* _Your assignment_:
From the records below, please print only the lines from the one containing "根据党章和党内有关规定,结合" through the one containing "Based on the", both included. Skip the pictures.
Top of Material shown
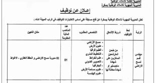 وزارة المالية المديرية العامة للأملاك الوطنية المديرية الجهوية للأملاك الوطنية ببسكرة ads تعلن المديرية الجهوية للأملاك الوطنية ببسكرة عن فتح مسابقة على أساس الاختبارات للتوظيف في الرتب المبينة أدناه: الرتبةنمط التوظيفشروط الالتحاقالتخصص المطلوبعدد المناصب المفتوحةمكان التعيينمهندس قسم لمسح الأراضيمسابقة على أساس الاختبارمن ضمن المترشحين …
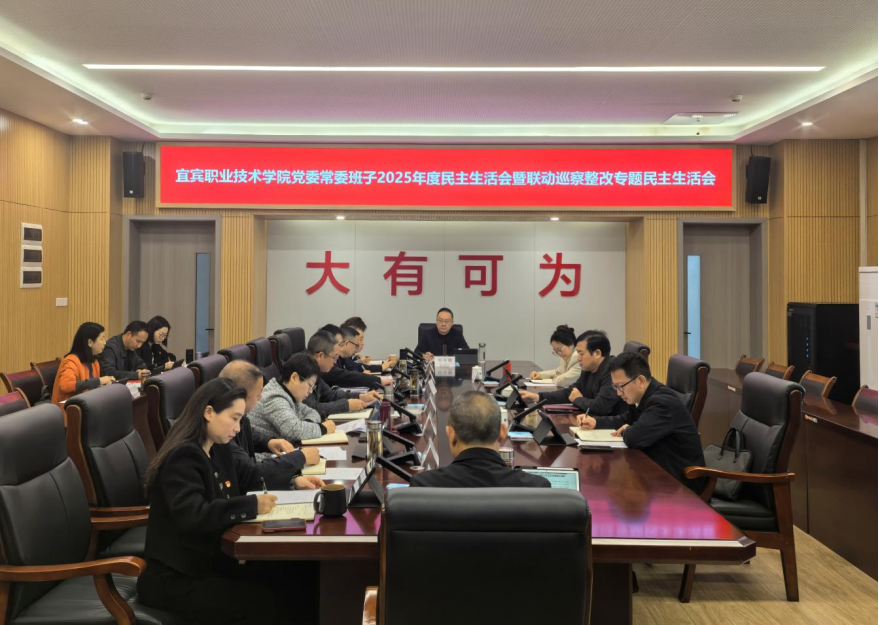 根据党章和党内有关规定,结合市委巡察工作要求和市委“树立正确政绩观、科学谋划十五五”笃学践行专项行动,2月27日,宜宾职业技术学院党委常委班子召开2025年度民主生活会暨联动巡察整改专题民主生活会,会议紧扣主题,各班子成员联系工作实际,严肃认真开展批评和自我批评。会议由学院党委书记伍小兵主持,全体党委常委参会。市委第四巡察组组长唐焱、市纪委监委第五纪检监察室主任黄毅、市委第十二指导组副组长刘学扬等到会指导。学院副院长刘可雕列席会议。
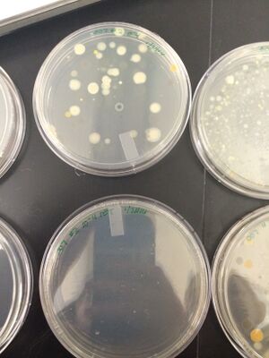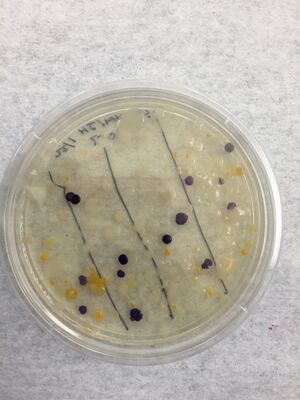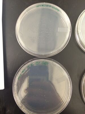 Based on the table above and the images of the plates below, we saw that for the previously mentioned plates, there was no growth at all. The only plates we could compare tet/no tet were the 10^-3 plates and we saw that the growth looked slightly different. The colonies on the plate with tet were larger, more spread out, and brighter in color whereas the colonies on the plate without tet were smaller and covered more of the plate. Neither of these was quite enough to be a lawn. The differences in colony type could indicate that the antibiotic did not allow for as many smaller colonies to grow as we saw with the plate without tet. As seen in the table above, there were significantly fewer colonies on the plate with tet than on the plate without tet. There appeared to be presence of some fungi on each of the plates where there was growth.
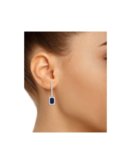 Women's Blue Emerald 1-1/8 ct. t.w. Diamond 1/3 Leverback Drop Earrings Sterling Silver Also Ruby
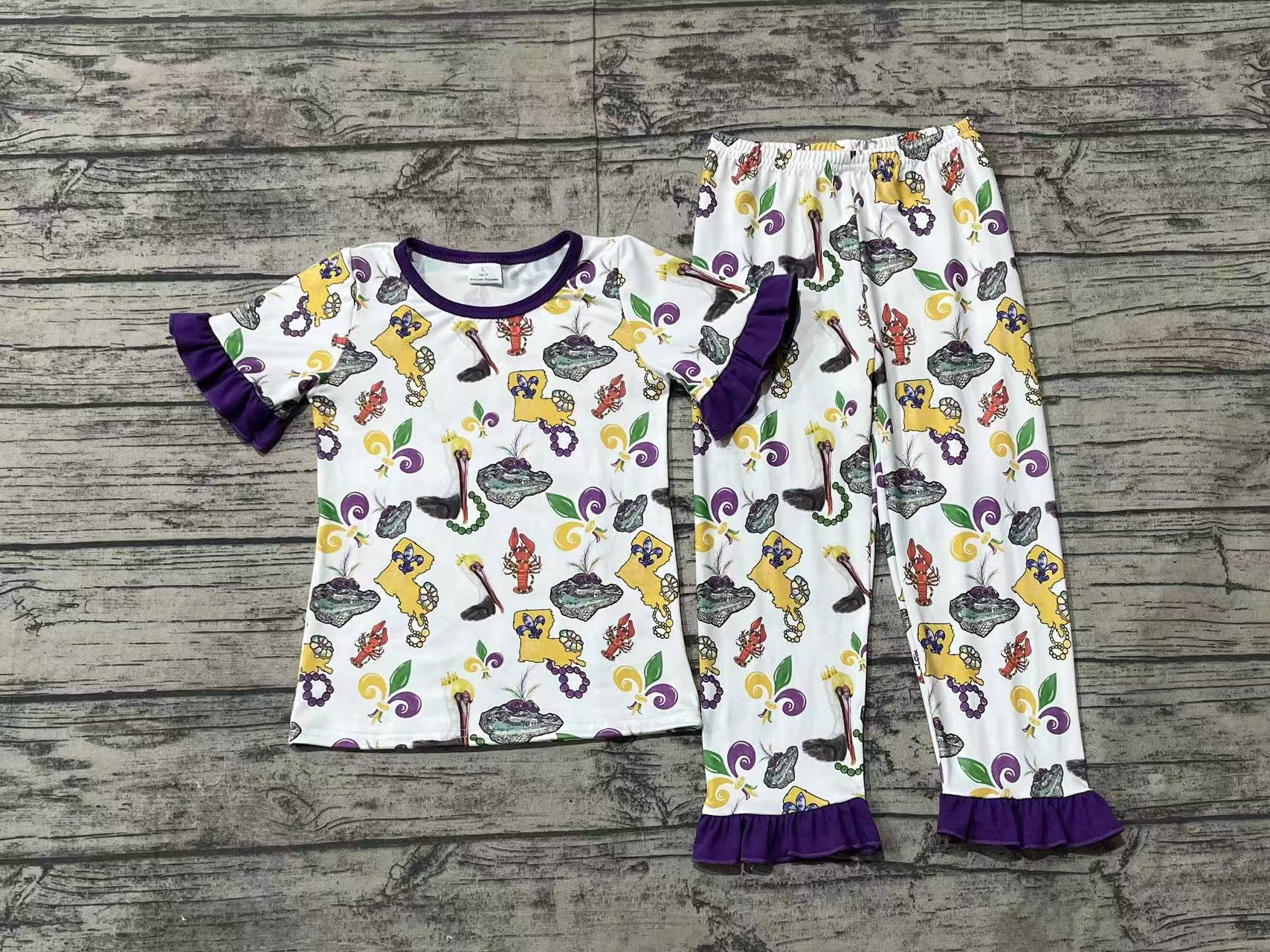 Baby Girls Mardi Gras Bird Crawfish Shirt Pants Pajamas Clothes Sets
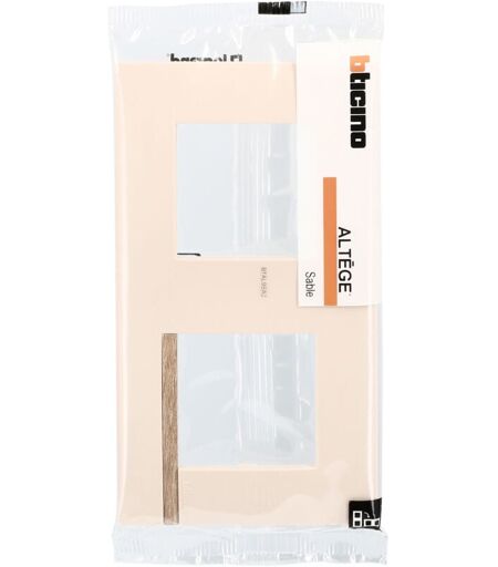 LEGRAND Bticino - Plaque Altège Déco 2 postes Sable - Sable satiné avec liseré effet bois
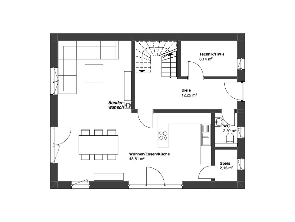• Schornstein als Raumtrenner zwischen Küche und Wohnbereich (Sonderwunsch)
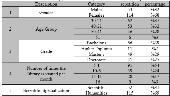 Table 3, which describes the research sample by gender, indicates that females comprise the highest percentage (68%). The sample description by age group indicates that the (21-30) and (31-40) age groups each achieved 69%. This may be because the largest number of sample members were fourth-year students. The lowest percentage (3%) was for those over 51 years old. The sample description by grade level indicates that the highest percentage was for fourth-year students. The sample description, by the number of times the library was visited, was for the (1-5) category, which had the highest percentage (54%), while the lowest percentage was for the (16+) category. Finally, the sample description by specialization reveals that the highest percentage (69%) was for humanities majors.
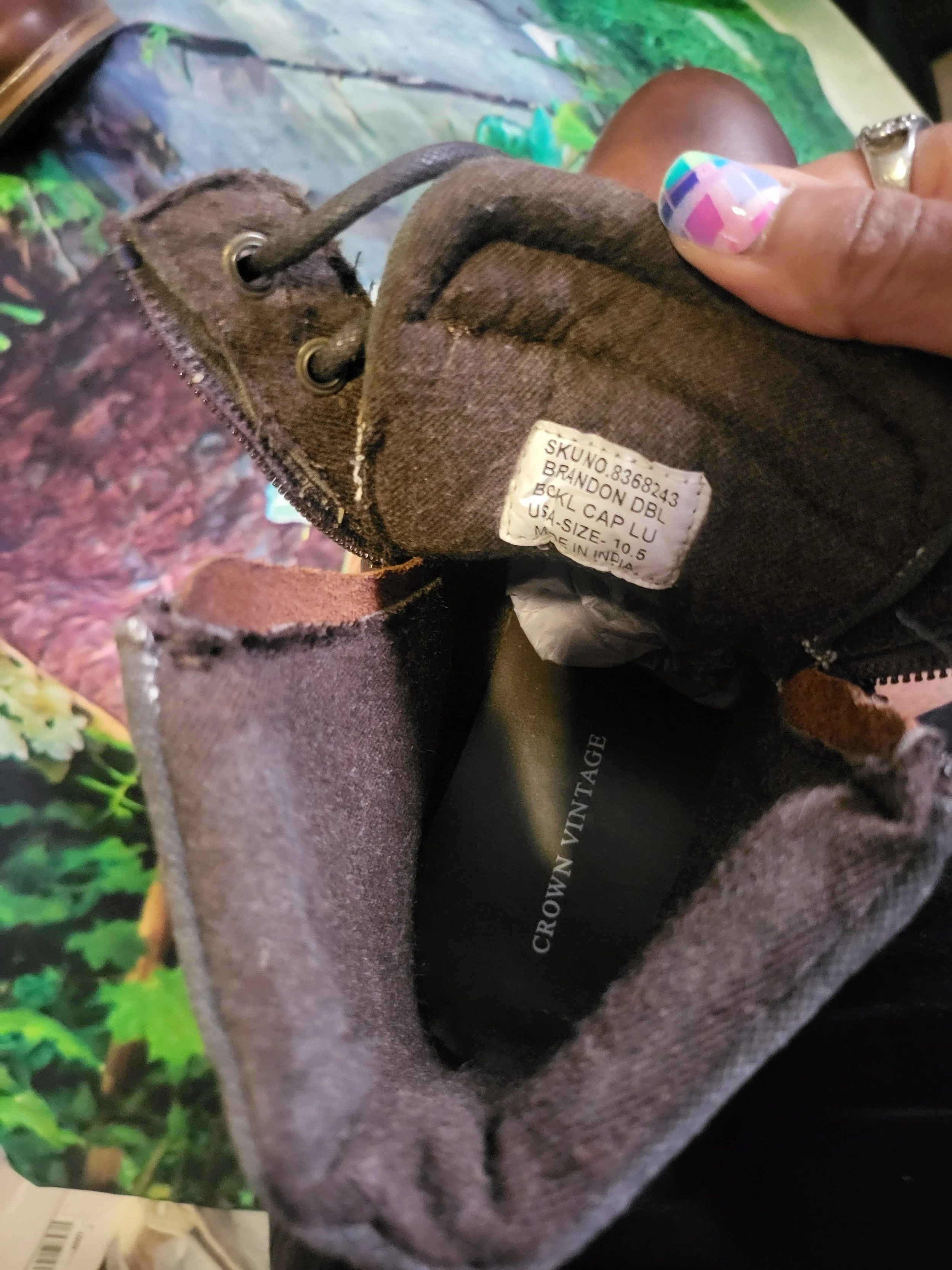 Our Inventory › Mens Crown Vintage Brown Boots- Size 10.5 Mens Crown Vintage Brown Boots- Size 10.5 $25.00 Add To Cart Added! You Might Also Like Quick View Brand New Womens Cushioned Grey Sandals- Size 10 $6.00 Quick View Women's Casual Blue Jeans Loafers- Size 11 $6.00 Quick View Jessica Rich x Steve Madden Adrienne Wedge Sandal- Size 9.5 $35.00 Quick View Womens Suede Heeled Ankle Boots- Size 7.5 $6.00 Quick View Women's Slip On Casual Shoes- Size 11 (44) $5.00
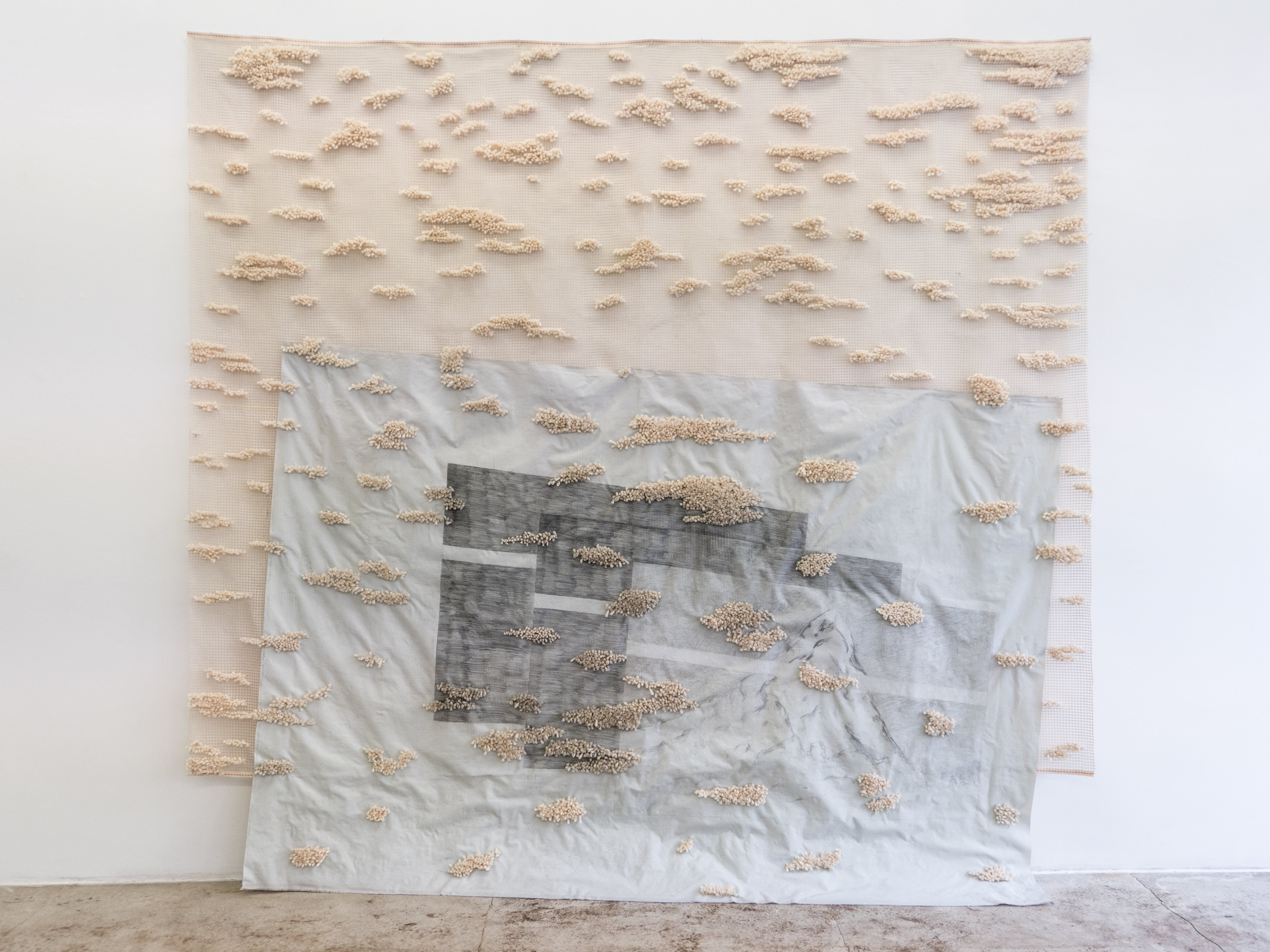 I Wish I Could Climb Drawing No 6, Drawing shaved in Carpet, 196 cm diameter, 2019.
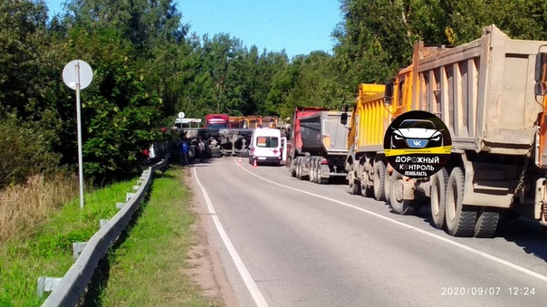 Информация о дорожной аварии появилась в соцсетях днем 7 сентября. По данным очевидцев, в деревне Валяницы Вистинского сельского поселения около часа дня перевернулся самосвал и заблокировал движение.
Bottom of Material shown
* _Completed task_:
 根据党章和党内有关规定,结合市委巡察工作要求和市委“树立正确政绩观、科学谋划十五五”笃学践行专项行动,2月27日,宜宾职业技术学院党委常委班子召开2025年度民主生活会暨联动巡察整改专题民主生活会,会议紧扣主题,各班子成员联系工作实际,严肃认真开展批评和自我批评。会议由学院党委书记伍小兵主持,全体党委常委参会。市委第四巡察组组长唐焱、市纪委监委第五纪检监察室主任黄毅、市委第十二指导组副组长刘学扬等到会指导。学院副院长刘可雕列席会议。
 Based on the table above and the images of the plates below, we saw that for the previously mentioned plates, there was no growth at all. The only plates we could compare tet/no tet were the 10^-3 plates and we saw that the growth looked slightly different. The colonies on the plate with tet were larger, more spread out, and brighter in color whereas the colonies on the plate without tet were smaller and covered more of the plate. Neither of these was quite enough to be a lawn. The differences in colony type could indicate that the antibiotic did not allow for as many smaller colonies to grow as we saw with the plate without tet. As seen in the table above, there were significantly fewer colonies on the plate with tet than on the plate without tet. There appeared to be presence of some fungi on each of the plates where there was growth.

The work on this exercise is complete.